Another female tenant in the building told Lelli that Paine was “rude and obnoxious” when he was intoxicated, which was most afternoons and evenings. At those times, he would make sexually inappropriate remarks, she said.
A police report confirmed that Paine was arrested on April 28, 2013, on a charge of disorderly conduct. He was accused of yelling at Brown and threatening to shoot her, then at a police officer, to whom he used crude and sexually suggestive language.
After Paine’s behavior continued, Brown secured a protection from harassment order in June 2012. Paine was charged with violating the conditions of his release from the earlier arrest.

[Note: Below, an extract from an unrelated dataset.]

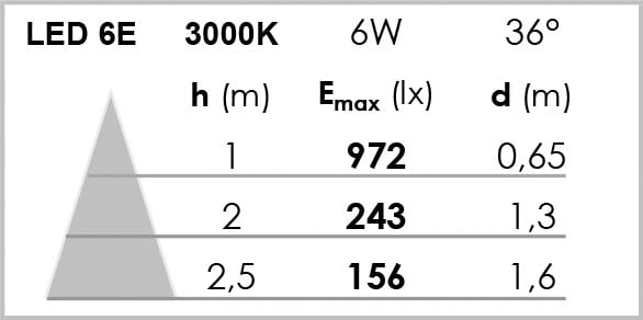 Encastré GU10, rond Ø95mm, blanc, basculant, IP20, Classe 2, fourni avec lampe LED 6W 36° 3000K 470 lumens 15000H.

In August, Paine was found guilty of disorderly conduct and fined. He also was found guilty of violating the conditions of his release.
In September, Paine harassed Brown by phone, Lelli’s report said.
Paine was arrested again in September after charging officers at his apartment and threatening to kill Brown.
In November, the building’s landlord filed paperwork to evict Paine. Paine left his apartment in December.
In her report, Lelli wrote there are “reasonable grounds” to believe that Paine subjected Brown to a “hostile housing environment based on sex.”
Brown also filed complaints against Paine’s two sons.
Brown said that Jonathan Ray Paine of Norway started harassing her after his father’s arrest on April 29, 2013. The younger Paine would stand in the hallway of the building and speak loudly as if talking to his father about Brown, telling the elder Paine to “go after her” if he heard her in her apartment or to call him to “go after her.”
While a passenger in his girlfriend’s car, Jonathan Paine made a hand gesture at Brown and the car swerved in her direction as she was walking into town, Lelli wrote in her report.
Brown complained that in June 2013, Thomas Paine Jr. of Poland called her a “skank” and pushed her into a wall, hit her and scratched her arm.
Police arrested Thomas Paine Jr. and charged him with assault. He was released with conditions that barred him from having contact with Brown, the report said.
In August, the younger Thomas Paine pleaded guilty to assaulting Brown, the report said.
Lelli wrote in her reports on Brown’s complaints against the two brothers that there were “reasonable grounds” to believe that they “intimidated, threatened and/or interfered with Brown in her right to fair housing.”